An alternative to JaCoCo is Cobertura. It is also used to identify which parts of your Java codebase are lacking test coverage. Cobertura is free and open source.
SonarQube
SonarQube is developed by SonarSource. They also develop SonarLint and SonarCloud.
The products cover all major programming languages. SonarQube covers 30 languages. SonarCloud covers 26 languages. SonarLint covers about 20 languages.
SonarQube builds on the ideas of PMD, FindBugs and CheckStyle. It provides a static code analysis tool dashboard with a number of reporting features that allow teams to track progress over time.
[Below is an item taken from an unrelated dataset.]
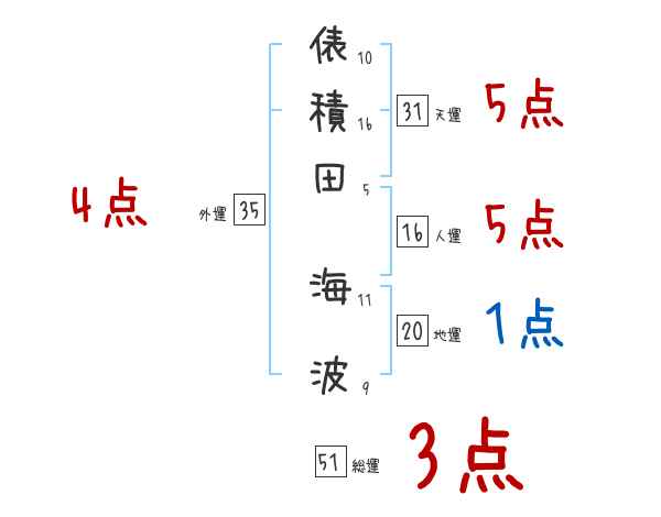 人運![]() | 俵積田海波さんの人運は16画の5つ星!人望が厚く大きく発展する。逆転成功が見える。 性格や才能などを表す2番目に重要な運勢です。人間関係や協調性、社会的な成功に影響します。主に20歳から50歳ぐらいまでの中年期の運勢を表します。 |

SonarQube advocates testing software applications on these seven points:
- Enforce coding standards.
- Identify and eliminate bugs.
- Properly document the solution.
- Eliminate copy-and-paste type code duplication.
- Reduce code complexity.
- Enforce complete code coverage.
- Enforce commonly accepted design strategies.
SonarQube has a free and open-source Community edition, as well as three commercial editions (Developer, Enterprise and Data Center). Downloads can be found here.
Conclusion
Every developer wants to create high-quality Java code, but tight deadlines sometimes cause quality to take a backseat. If we integrate static code analysers into our build and deploy process, we can be confident that accidental errors won't find their way into a production release.
What do you think about static code analysers? Which ones do you use, and how helpful have they been to your project? I'd love to hear your your comments.
Until then, stay safe and write good code!